The results of a study of 82 million tweets from 1,300 counties.
Governments from the local to the national are increasingly interested in "wellbeing," that subjective notion that's harder to measure than per capita income or GDP, that comes closer to capturing what we more vaguely think of as happiness. We'd all like to have it: quality of life, life satisfaction, fulfillment.
As researchers from the University of Pennsylvania and Michigan State University put it in a recent study on the topic, with a technological twist:
Happiness matters. For example, when a sample of Britons were asked what the prime objective of their government should be – “greatest happiness” or “greatest wealth”, 81% answered with happiness (Easton 2006). In a set of other studies conducted around the world, 69% of people on average rate well-being as their more important life outcome (Diener 2000). Psychologists still argue about how happiness should be defined, but few would deny that people desire it.
We typically gauge happiness, among individuals and whole communities or demographics, with survey questions like "how satisfied are you with your life?" But surveys cost money and contain their own biases. And so these academics, led by Johannes Eichstaedt and Andrew Schwartz, began to wonder if they could glean some sense of a community's wellbeing from the firehose of daily updates many of us voluntarily communicate about ourselves on Twitter.
Alexis Madrigal wrote several months ago about an earlier research project that tried something like this, manually coding the "happiness content" of tweets coming from different parts of the country to find the happiest cities in America. This latest study, also described by the authors on the Follow the Crowd research blog, takes a slightly different strategy and also dissects some of the correlates of "wellbeing" embedded in the language of our tweets.
The study examined 82 million tweets, mapped from nearly 1,300 U.S. counties and collected between June of 2009 and March of 2010 (each county had at least 30,000 twitter words geotagged to it). As the researchers found, Twitter can reveal a lot about wellbeing, not just among individuals (that's not such an impressive feat), but at the level of whole communities.
The researchers built a model of language drawn from these tweets that could significantly predict community-level wellbeing, as measured against more traditional results from surveys. Socio-eonomic information about a place is often considered a rough proxy for wellbeing (people tend to be happier when they're not broke). But these researchers found that by combining socio-economic data with this model of Twitter language, they could build a particularly powerful tool for predicting wellbeing, without the use of any formal surveys at all.
This map from the paper shows a measure of life satisfaction using more traditional survey results, in these same 1,300 counties:
And here is a map from the researcher's own predictive model combining socioeconomic factors and Twitter language:
Certain topics encoded in our tweets correlate particularly well with the counties that have high and low wellbeing.
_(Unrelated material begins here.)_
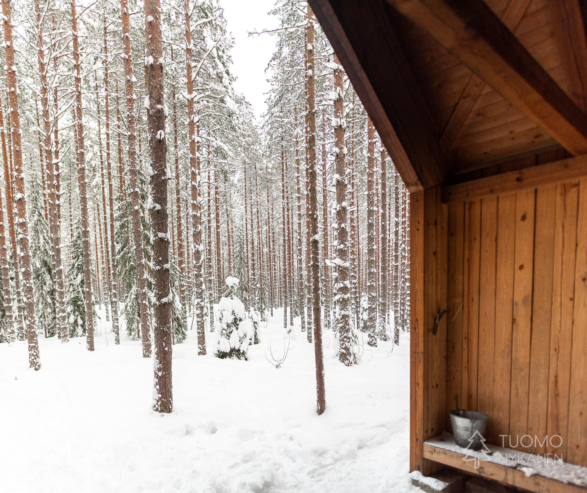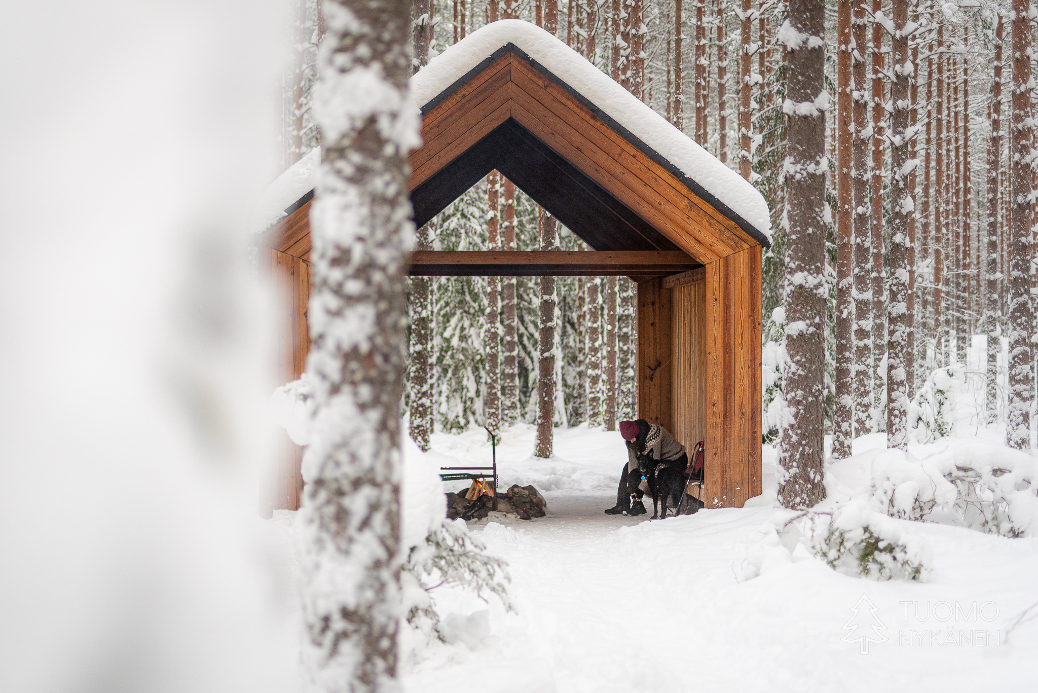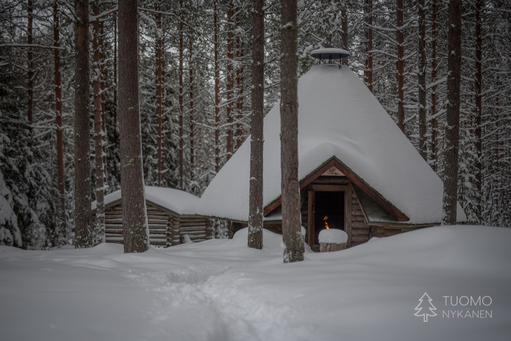 Näillä mailla kota ei ole loppujen lopuksi kovinkaan yllättävä näky mutta yleensä ne ovat hieman kevyemmin rakennettuja. Tämä taas on tukeva ja vielä nimetty, vieressään iso halkoliiteri ja huussi. Matkaa ei ole tieltä kovinkaan paljoa joten pohraan lumen halki katsomaan paikkaa tarkemmin. Alkuun jalka uppoaa syvälle mutta löytää lopulta jonkinlaista vanhaa polun pohjaa kinosten alta ja pääsen perille. Halkovajassa on kosteita jäätyneitä kalikkoja ja otan niistä pari. Nakattuani ne kodan sisälle käyn hakemassa autosta piilun jolla saan pienittyä halot syttyvän kokoisiksi. Uteliaisuus uusiin alueisiin ja paikkoihin kannatti tällä kertaa ja palkinnoksi saimme mahtavan tunnelmallisen paikan ruokailla ja kahvitella.

Tweets relating to exercise and the outdoors ("training," "gym," "waves," "mountains," "camping") rated positively, perhaps, the researchers suggest, tying back to evidence that exercise reduces the risk of depression.
Also on the high-wellbeing list: a cluster of words related to "ideas," "suggestions," and "advice," signs of people tapping their social networks to problem-solve. Tweets about "meetings" and "conferences" similarly suggest engagement. And tweets mentioning "support" and "donate" hint at pro-social activities that have also been linked to higher life satisfaction. These are some of the high-wellbeing (in green and blue) and low-wellbeing (red) word clusters that emerged from the study:
What's most compelling about the whole paper is that tweets from individual people seem to tell us something not just about their own wellbeing, but about the wellbeing of the places where they live. And this pattern holds even though we know that Twitter is its own self-selecting ecosystem, with an over-representation of young and technologically savvy users. As the researchers explain it (bold emphasis is ours):
The fundamental result of this paper is perhaps surprising: we can predict (on average) the happiness of one set of people (those who answered the [life satisfaction] questionnaires) from the tweets of other people (people in the same county). This is, however, consistent with findings from other methodologies. People in the same county tend to share the same culture and environmental affordances (e.g., hiking, music, or good employment), and attitudes towards them (being excited or bored).
Happiness is asserted to be contagious (Fowler and Christakis 2008) and it has been suggested that although educated people are happier, on average, than less educated ones, there is an even stronger benefit to living in a community of educated people with arts, culture and entertainment (Lawless and Lucas 2011). Thus, the tweets of other people can indicate what it’s like to live around them, influencing one’s own happiness.